1. Letters to the editor

Letters to the editor

Judicial reforms

Published: April 26, 2016 6:29 AM

Judicial reforms

This refers to reports of the CJI becoming emotional on the aspect of the very low number of judges in the country at a recent conference. Indian Judicial Service (IJS) should be constituted for better quality of judges. Regarding appointments in higher judiciary, a permanent National Judicial Commission (NJC) should be constituted with retired SC judges as member-nominees of the PM, opposition leader, CJI and Bar Council of India with CVC as member-secretary. It will thus have a judicially-refined say of legislature in appointment of judges.
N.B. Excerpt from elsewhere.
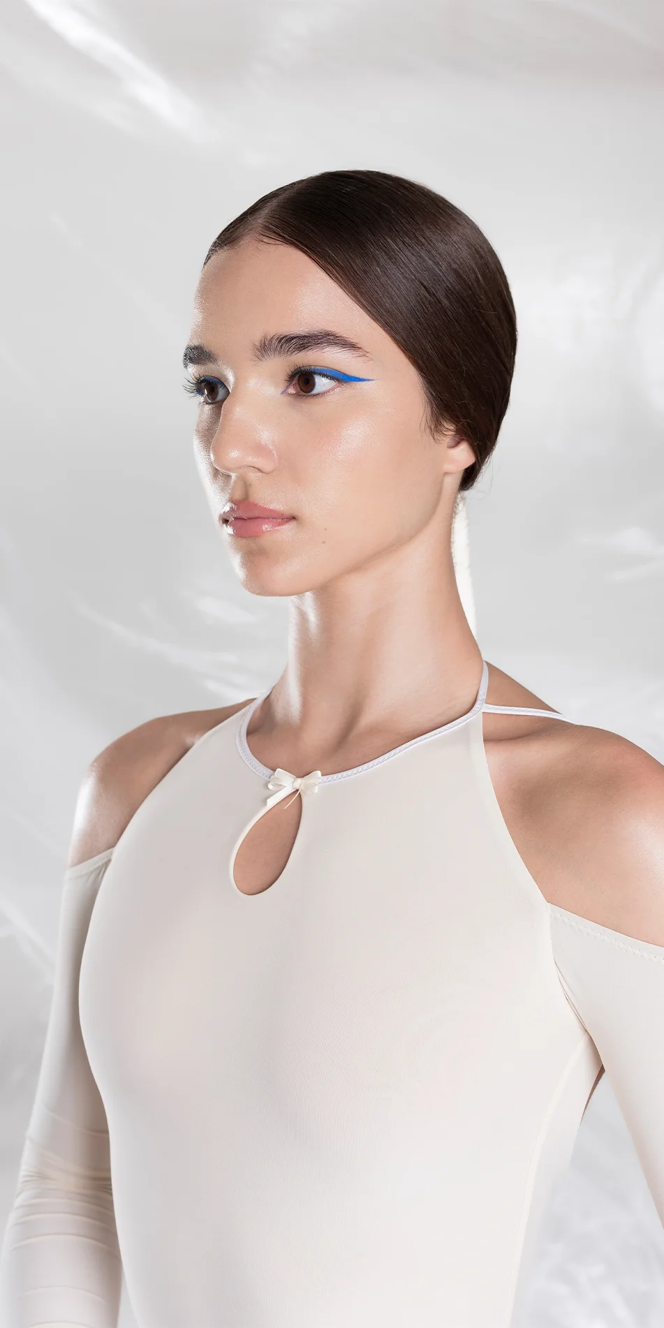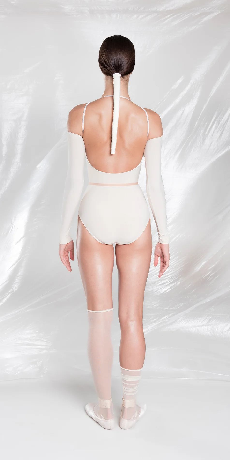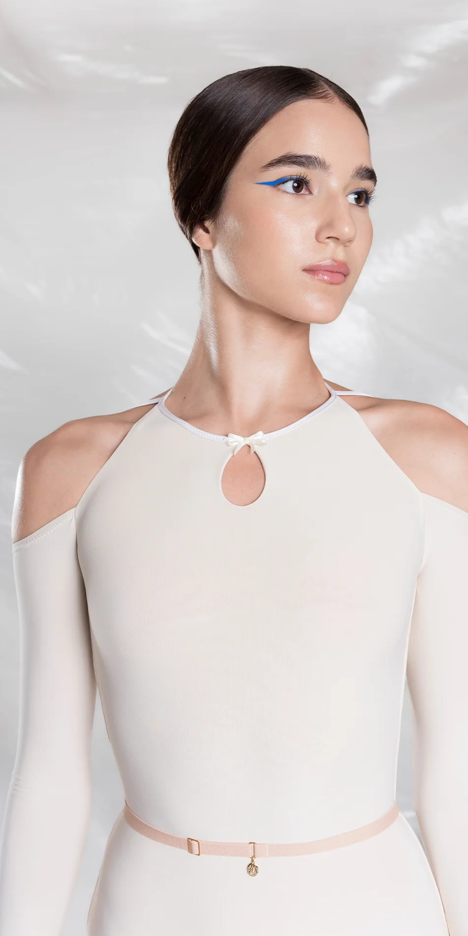 Designed for both studio and everyday settings. Wear it to studio practice and rehearsal, or layer with jeans or skirts as part of a daily wardrobe. Offered in the shade of Edelweiss and Pearl blush.

Moreover, sitting judges and others on posts will not have to be involved in appointment-process. The appointment-process should be made public after completion. It is for SC to come out with such suggestions also because SC, in its verdict, has itself admitted the need for improvement in the present process. NJC should be the only authority to suggest names of retired judges in all judicial panels/commissions appointed by the Centre/states.There should be a ban of two years in post-retirement postings of retiring judges. Even chairpersons of Human Rights Commissions at national and state level should be selected from amongst retired judges of SC by NJC, after two years of their retirement.

Subhash Chandra Agrawal, Delhi

Politicising drought

Economies of China, India, and the US are major regions where water-use is outstripping supply. Socio-economic impacts of water shortage have the potential to create unrest. States at ‘extreme risk’ include Haryana, Uttar Pradesh, Gujarat and Rajasthan, while Delhi, Andhra Pradesh and West Bengal are rated at ‘high risk.’ India extracts more groundwater than any other country. Globally, 56% of fresh-water withdrawal is used for agriculture. In India, this is as high as 90% . We have spent decades in politicising drought to cultivate vote-banks. China is tackling water shortages in its north eastern provinces through the ambitious South-North Water Diversion Project, which has already cost $22 billion. A pity that in 2016 we are fighting over the SYL canal.